Prior to deploying them, these acoustical popups were tested in the Aquarium’s Giant Ocean Tank (GOT) and yes, yours truly was in the water with the Principal Investigator (PI) to conduct the tests. Here I am examining the device as it dissolved the link to its anchor.
An acoustical pop-up is a cylindrical pressure housing containing an electronics payload – in this instance data recorders listening for the pings from the tagged dogfish. It a series of floats attached to the top, along with a radio transmitter for RDF locating, and are mounted to a section of railroad rail which is used as an anchor. They are deployed to the sea floor and record data for a given period of time. When it’s time to gather the data off the unit a boat goes out to the site and used a device called the Interrogator to communicate with them. A transducer attached to the Interrogator is lowered over the side, the unique ID of the desired pop-up is entered into the Interrogator and it transmits a series of commands – such as request for battery status, or distance in feet from the unit to the transducer, etc – to the popup. One command instructs the popup to generate a current that will start a chemical reaction that burns off the attachment point to the anchor (as tested in the GOT), thereby allowing the popup to raise to the surface.
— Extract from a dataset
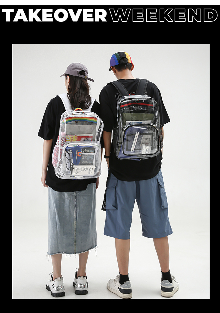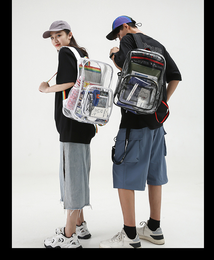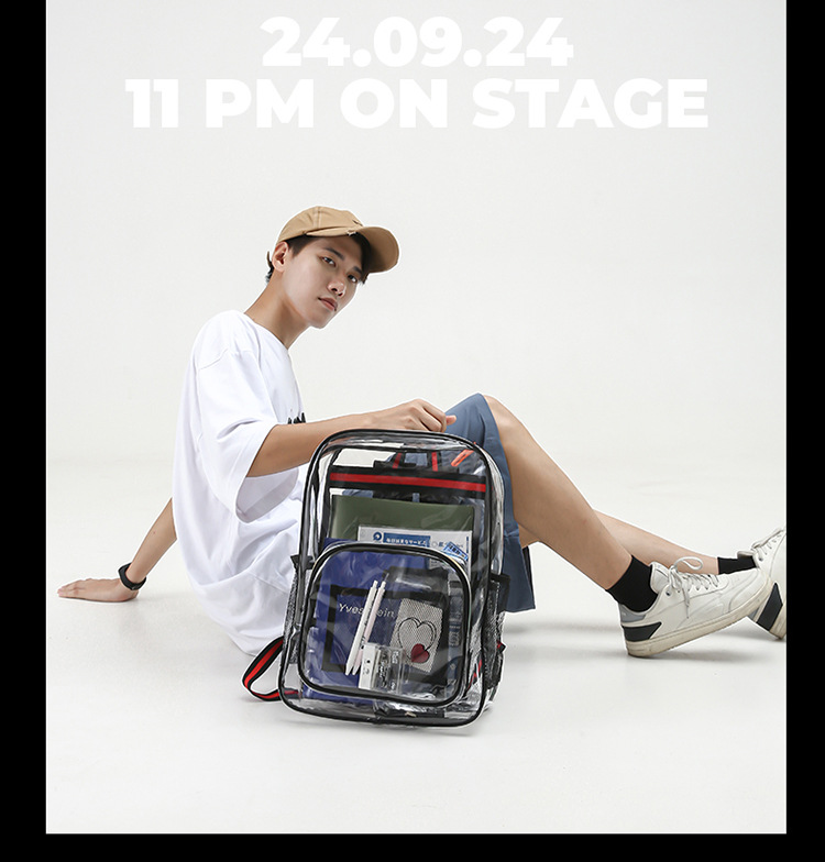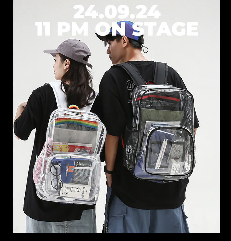 국경 간 인기 투명 배낭 경기장 PVC 투명 가방 스팟 초등 및 중등 학생 대용량 여행 배낭스토어 가기
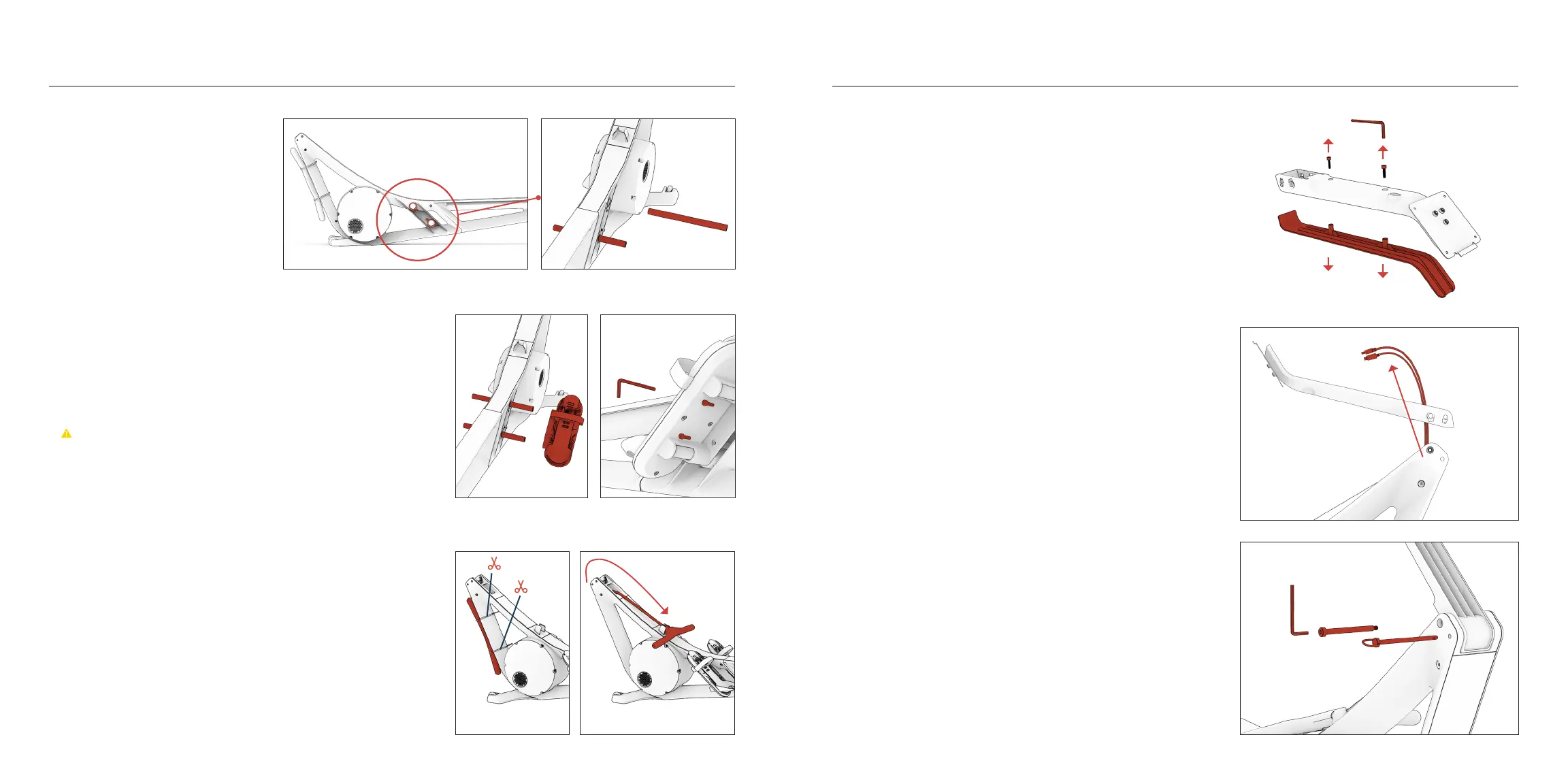1. Cut the plastic ties attaching the handle to the front frame (A).

During the summer of 2009 I conducted a series of dives on STL B itself – to video aquatic life that may have taken refuge on and around it. Did I mention that the thing is huge? Well, it is. And it just sits there in the water column – the top of it hovering around 90′, the bottom at 140′. On the surface there’s no sign anything is down there, with the single exception of a tiny flag attached to a 5/8″ poly line barely visible floating on the surface. That line then leads into progressively thicker line, still floating, until it finally attaches to a massive Kevlar hawser that then makes a 90 degree turn and runs straight down to the top of the STL. This Kevlar haswer costs $150,000 to replace. Side note – in 2014 a whale watch boat with 160 aboard blundered into this restricted area and sucked part of the hawser into one of her jets. More on that story:
Here’s me sitting on the hawser…
This entire section of ocean is completely off limits to boaters – well, it’s supposed to be!. There’s a 110′ ship, the Gateway Endeavor, whose sole purpose is to patrol the area 24/7/365 a year. For me to dive the area I had to obtain security clearances, develop a very comprehensive dive plan, and present said plan to Excelerate HQ for approval. Additionally all vessels involved in the op needed to have a company observer aboard.
When a 1000′ LNG tanker needs to offload it’s cargo of LNG (re-gassify) it pulls up beside the little flag. The crew then couples the 5/8″ line to a line from inside the bow of the ship and a winch inside the ship begins to draw in the line. Eventually it picks up the Kevlar hawser and then begins to haul up the actual STL until it is completely drawn inside the ship, where hydraulic rams on the ship lock into the STL and the ship and STL become one. BTW – the “Turret” of “Submerged Turret Loader” refers to the section of the STL where the rams lock into it – this section is on bearings and is free to pivot, allowing the ship to watch and rotate due to sea and wind state. A hatch on the top of the STL is opened and the ship’s gas line is plugged in. It takes about five days to full re-gassify the LNG and transfer the ship’s contents to land, and the STL keeps it anchored in place while also providing the gas line.
Here’s a really great animation of how a STL is mated to a LNG tanker:
So I spent some dives following the Kevlar line down into blue (grey) open water to the STL, where I attached a reel to the top of the STL and rappelled down to the underside. So cool! Hanging beneath the STL I recorded video of the huge anchor rode attachments and the massive flexible gas riser – all attached to an alien underwater spacecraft (needless to say, there was no ship on it at the time).
But that’s not the story. That’s just the background. This is the story…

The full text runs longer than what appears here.